Environmental monitoring of saturated air concentration and PM2.5 particles for the prevention of Occupational Health in the City of Potosí at 4000m.a.s.l.
DOI:
https://doi.org/10.31243/mdc.uta.v5i2.1086.2021Keywords:
Fine particles, air cloud, aerosol, occupational health, saturated airAbstract
Introduction: Since 2019, with the discovery of the new SARS-CoV-2 pandemic, known as COVID-19 (coronavirus), the world's population has undergone different processes of isolation and/or quarantine by the total unknownness of this pandemic. Scientists' knowledge went so far as to mention that this virus can produce mild pictures such as: the common cold or severe tables, as is the case with Middle East Respiratory Syndrome (MERS) virus, SARS-CoV-1 and SARS-CoV-2, which cause coronavirus disease (CDC, 2020). Although this virus is known as a potentially serious respiratory disease, discovered in Wuhan City, Hubei Province, China, in late 2019. Since then, it has spread throughout all regions of the globe where at the end of January 2020, the World Health Organization (WHO) declared the outbreak an international public health emergency. This is how many countries and cities have demonstrated the great lethality of this pandemic, where its form of contagion is very different between each region of the planet, due to the culture of the current society in which we live.

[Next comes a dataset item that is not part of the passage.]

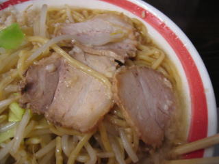 キャベツとモヤシ、チャーシューが載っています。
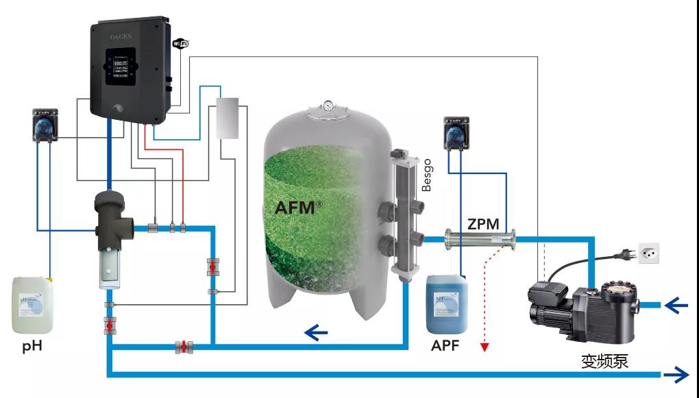 因此,為了保障游泳者的身體健康,必須采取更科學(xué)專業(yè)的消毒方式進行泳池消毒,戴思樂逐夢深藍低氯系統(tǒng)就能很好的解決余氯不達標(biāo)的問題,低氯系統(tǒng)運用水流動力學(xué)、通過正確的循環(huán)過濾和反沖洗設(shè)計,從根本上解決了影響水質(zhì)的主要因素,從而減少了對消毒藥劑的依賴,避免余氯超標(biāo)的問題出現(xiàn)。此外,低氯系統(tǒng)還結(jié)合了一種自凈化AFM活性濾料,對水質(zhì)進行無污染凈化,而且AFM濾料表面具有自我消毒功能,能對池水進行有效消毒,抑制細菌的生長。

Objective: Develop environmental monitoring of the concentration of saturated air and PM2.5 particles for the prevention of Occupational Health in the City of Potosí at 4000m.s.n.m.
Material and methods: Applied research, an explanatory, experimental and prospective study was carried out for the environmental monitoring of saturated air concentration and PM2.5 particles for the prevention of Occupational Health in the City of Potosí at 4000m.s.n.m.
Results: The results show that the high environmental risk of health personnel, considering that climate comfort environments are in the range of 45% to 70%, quantitatively showing that levels are higher than this, where the risk of COVID-19 contagion is higher.
Conclusions: Densely concentrated or saturated air clouds are a major vector that has a high probability of transporting and hosting the SARS Cov 2 virus by this airway. Within the health facilities the most at risk are the dental and emergency environments, in these areas the lack of extractors and ventilation mechanisms are very low. Outbreaks are much more vulnerable where overcrowding of people is dense at peak times, leading to an increased risk for the virus to be transmitted through aerosols generated in these environments. Symptomatic people mainly transmit COVID-19 disease, but on the other hand, those who are about to develop symptoms are also vectors of spread of the virus. Evidence from this study shows that people who never develop symptoms may also spread the virus to others, this is because the transport of air clouds can adhere to clothing and/or the biological system and then be expelled with the temperature difference to other areas where people are vulnerable to contracting COVID-19 symptomatology.